Song by Amitabh Bachchan

from the album Silsila
- Language: Hindi
- Released: 1981
- Genre: Folk
- Length: 6:26
- Label: Saregama
- Songwriter: Harivansh Rai Bachchan
- Composer: Shiv–Hari

Music video
- Rang Barse Bhige Chunar Wali on YouTube

= Rang Barse Bhige Chunar Wali =

1981 song

"Rang Barse Bhige Chunar Wali" (Devanagri: रंग बरसे भीगे चूनर वाली) is a song from the 1981 Hindi film Silsila. The song "Rang Barse Bhige Chunarwali" which Amitabh Bachchan sings during the film is said to be one of India's best known folk songs. The music director was Shiv-Hari, both also noted classical musicians. The taal (rhythm) of the song is Keherwa (Kaharva) of Hindustani classical music, while the lyrics were by poet Harivansh Rai Bachchan, based on a traditional bhajan, by 15th-century mystic poet Meera.

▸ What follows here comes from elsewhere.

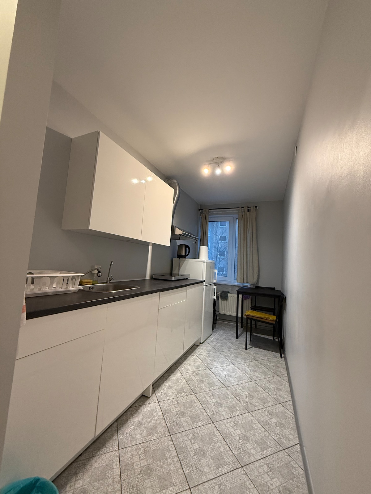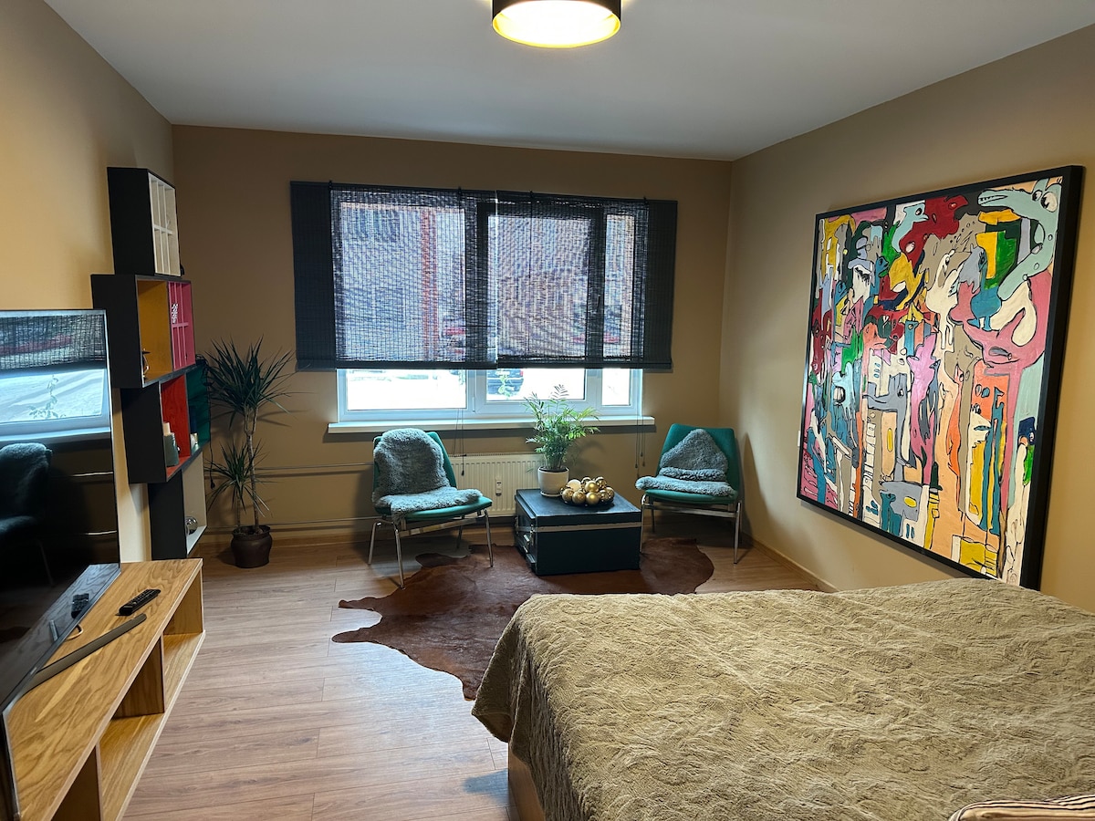 ¡Bienvenido a nuestro apartamento tipo estudio, elegante y recién renovado en el corazón de Jelgava! Ideal para parejas y viajeros solitarios, ofrece comodidad y conveniencia modernas. Disfruta de una amplia cama doble, una televisión inteligente y una cocina totalmente equipada con té y café de cortesía. Con todos los servicios esenciales y restaurantes, tiendas y atracciones a poca distancia a pie, tendrás todo lo que necesitas para una estancia cómoda e inolvidable.

The song was featured in a film sequence showing a community Holi celebration with film's cast, including Bachchan, Jaya Bachchan and Rekha and hence got link with Holi festivities.

==In popular culture==
To date, even decades after its release, 'Rang Barse' remains one of the most popular songs played on the occasion of festival Holi in north India.